The bits that fit less are the weird practical jokes but even there that could be MH issues. The OP seems intent on labelling this person as just rude and immature but this behaviour would be out of sorts for any adult and especially someone in their 40s. She doesn’t have to be friends with this woman and indeed something else many with autism experience is having no friends or having difficulty maintaining friendships.

allthingsinmoderation · 07/01/2026 18:52

Has anyone ever challenged her inappropriate and immature comments as they happened eg: the vagina comment?
Or has she just been allowed to go unchallenged ?

Vodkafairy99 · 07/01/2026 18:55

Sounds like an annoying arsehole. How do others in the group feel? Life is too short to put up with this sort of crap!

IWishItWasAutumnEveryday · 07/01/2026 19:04

Spaghettihoops2026 · 06/01/2026 11:10

Sorry- one of the group of friends bought someone she had recently met for dinner as the lady doesn't have many people in the area. My immature friend behaved so weirdly - leaving to vape every three minutes, poking the waiter, shouting random things out that the new lady who had never met the immature friend before presumed she had learning difficulties.

Sounds like she is undiagnosed. Him indoors has ADHD and is undiagnosed ASD, and he is emotionally immature. He gets jealous when others are doing better and projects it like your friend does with ridiculous statements. It's very tiring, and draining, to the point our relationship is on the rocks. I couldn't imagine having a friend like it - they would have been dropped years ago - not because of being ND, but because of the behaviour that they choose not to change.

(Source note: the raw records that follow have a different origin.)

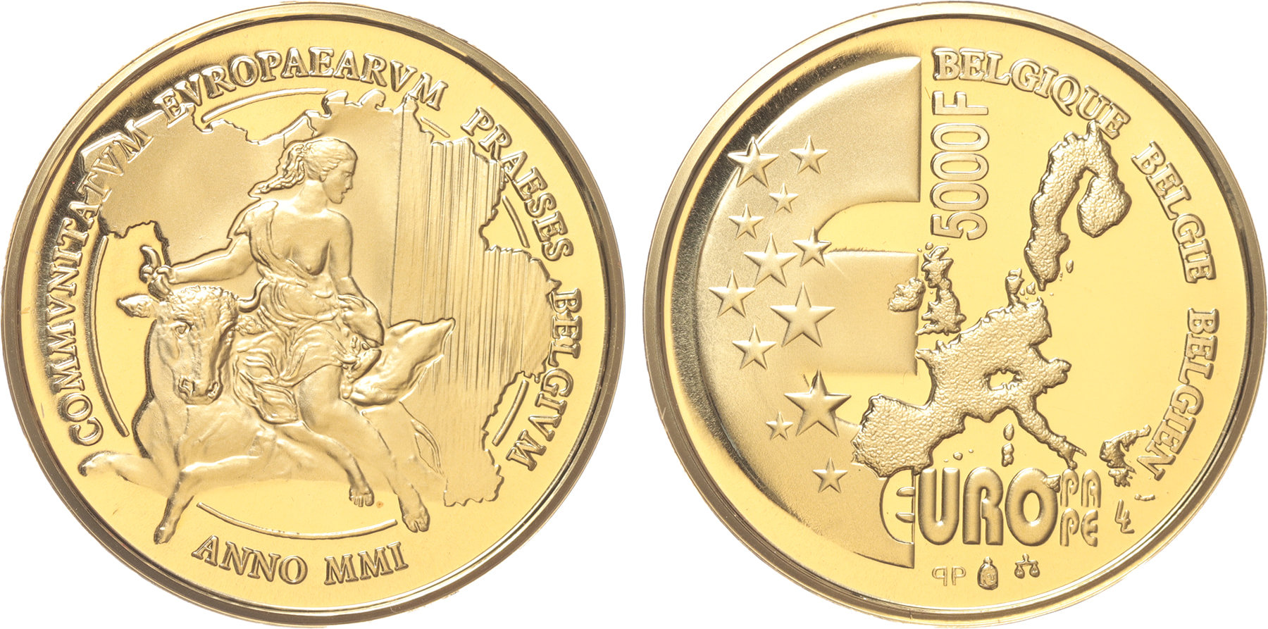 Belgium. 5000 Francs gold 2001. EU Presidency. Proof.
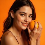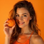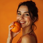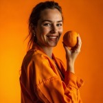 Create an image of an adult Russian girl with the appearance of a model smiling and holding orange. Remove the background, use shades of orange-#FF7E01
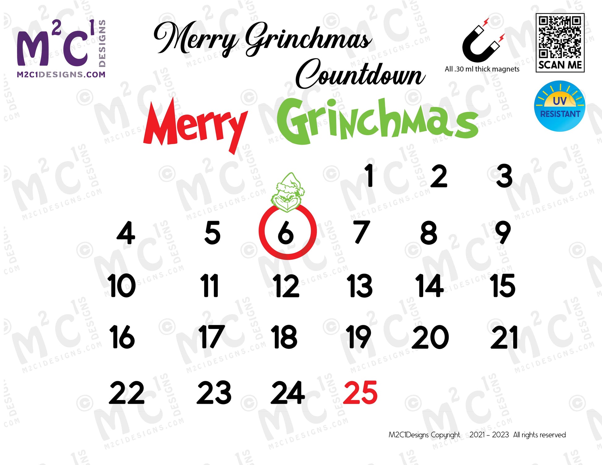Merry Grinchmas Advent Calendar Magnetic Numbers, Reusable, Merry Grinch sign, Christmas Decorations
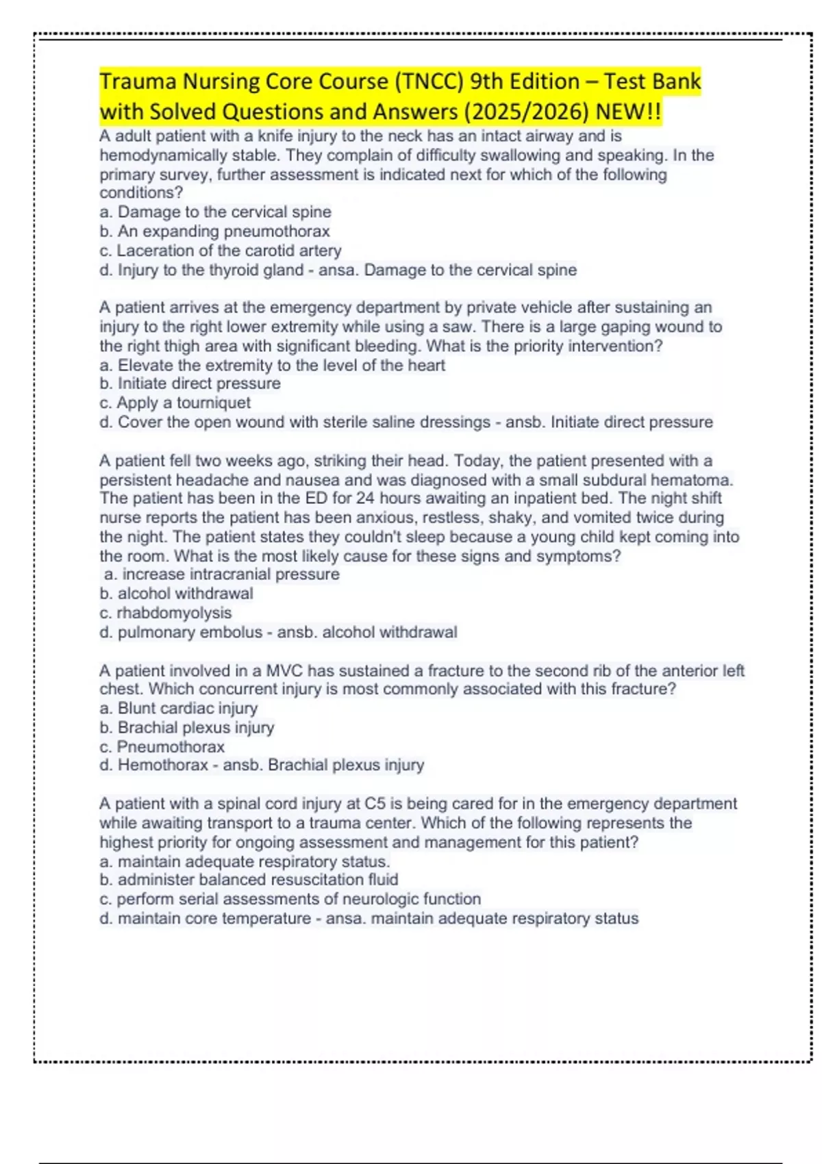 , Trauma Nursing Core Course (TNCC) 9th Edition – Test Bank
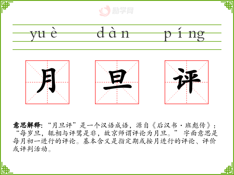 “月旦评”是一个汉语成语,源自《后汉书·班彪传》:“每岁旦,辄相与评骘是非,故京师谓评论为月旦。” 字面意思是每月初一进行的评论。基本含义是指定期或按月进行的评论、评价或评判活动。
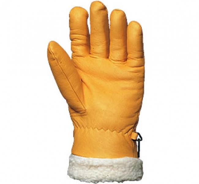 Работни ръкавици, изработени изцяло от лицева телешка кожа и студозащитна подплата, дължина 32см Ръкавиците са много издръжливи, могат да се използват от всички работници и персонал в ски зоните, при дърводобив, в охладени помещения. Меки, здрави и удобни зимни, кожени ръкавици.
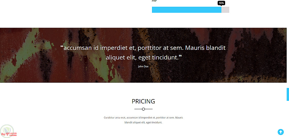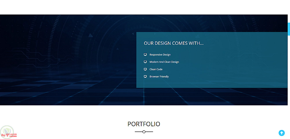 - تحتوي الصفحة على 7 أقسام: (الهبوط، الخدمات، المشاريع، حول، الشهادات والمهارات، التسعير، والتواصل).
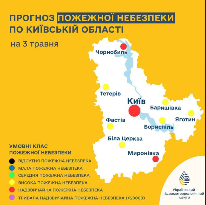 Дословно: "По данным Укргидрометцентра, в пятницу, 3 мая в Киеве будет преобладать чрезвычайный уровень пожарной опасности. Погодные условия будут способствовать повышенной вероятности возникновения и распространения пожаров в экосистемах, при наличии источников возгорания (открытого огня)".
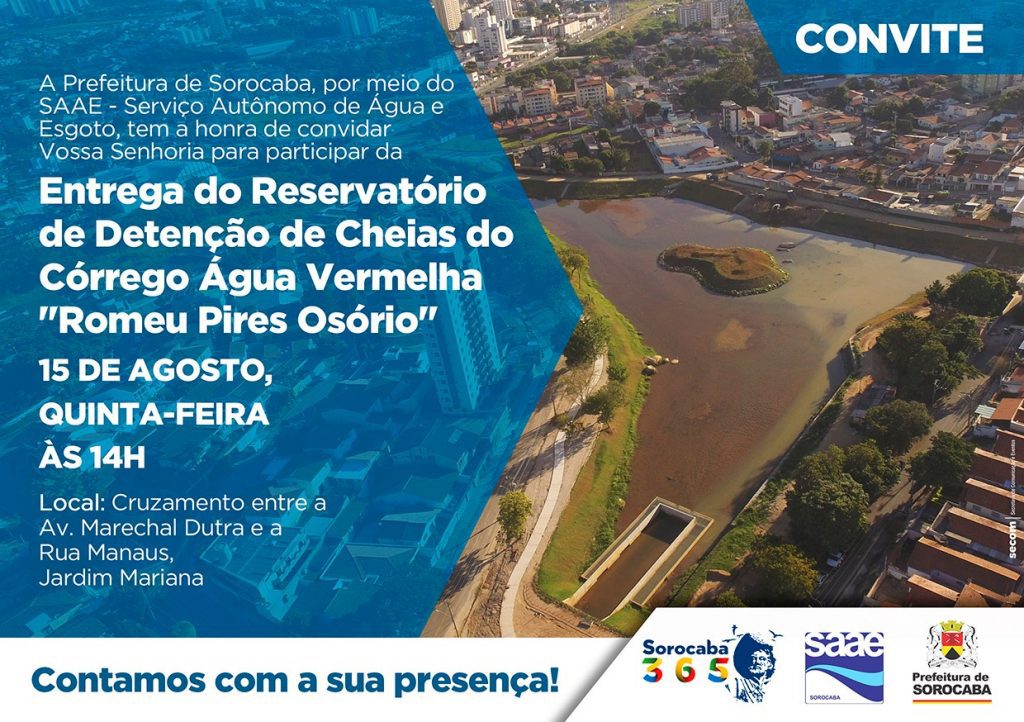 A Prefeitura de Sorocaba e o Serviço Autônomo de Água e Esgoto (Saae) entregam nesta quinta-feira (15), aniversário de 365 anos de Sorocaba, a segunda e última etapa das obras de implantação do Reservatório de Detenção de Cheias (RDC) do Córrego Água Vermelha, no cruzamento da Avenida Marechal Dutra e Rua Manaus, no Jardim Mariana, às 14 horas. Haverá exposição de animais empalhados da Secretaria de Meio Ambiente Parques e Jardins, adoção de animais, doação de mudas para a população, a partir das 13 horas.
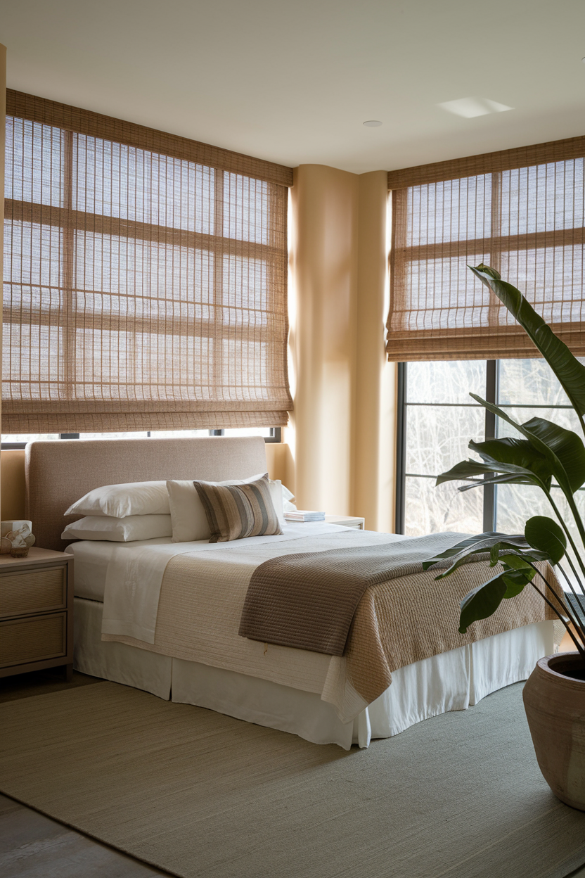 For a bedroom inspired by nature, bamboo or woven wood shades are an excellent alternative to traditional fabric curtains. These eco-friendly window treatments add warmth and texture to the space while providing a relaxed, organic aesthetic. Bamboo shades work well in bohemian, coastal, or Scandinavian-style bedrooms, complementing natural materials like wood, rattan, and stone. They allow filtered sunlight to enter during the day, creating a soft and inviting glow. If privacy is a concern, you can pair bamboo shades with sheer curtains or opt for lined versions that block out more light. Their earthy tones (ranging from honey brown to deep espresso) add richness and depth to your bedroom decor.

krustykittens · 07/01/2026 19:08

"I remember a particular time when he was talking about his cousin's wedding. He'd worked out where they were staying for the first night before they went off on honeymoon, and booked there (not where they'd had the wedding breakfast), and went down for breakfast and joined them at their table in the morning.
He thought this showed how wonderfully amazing he was and he'd given his cousin and wife a real treat by gracing them with his presence."

Oh dear God @MargaretThursday ! I cringed so hard at this I turned myself inside out. Who does this?!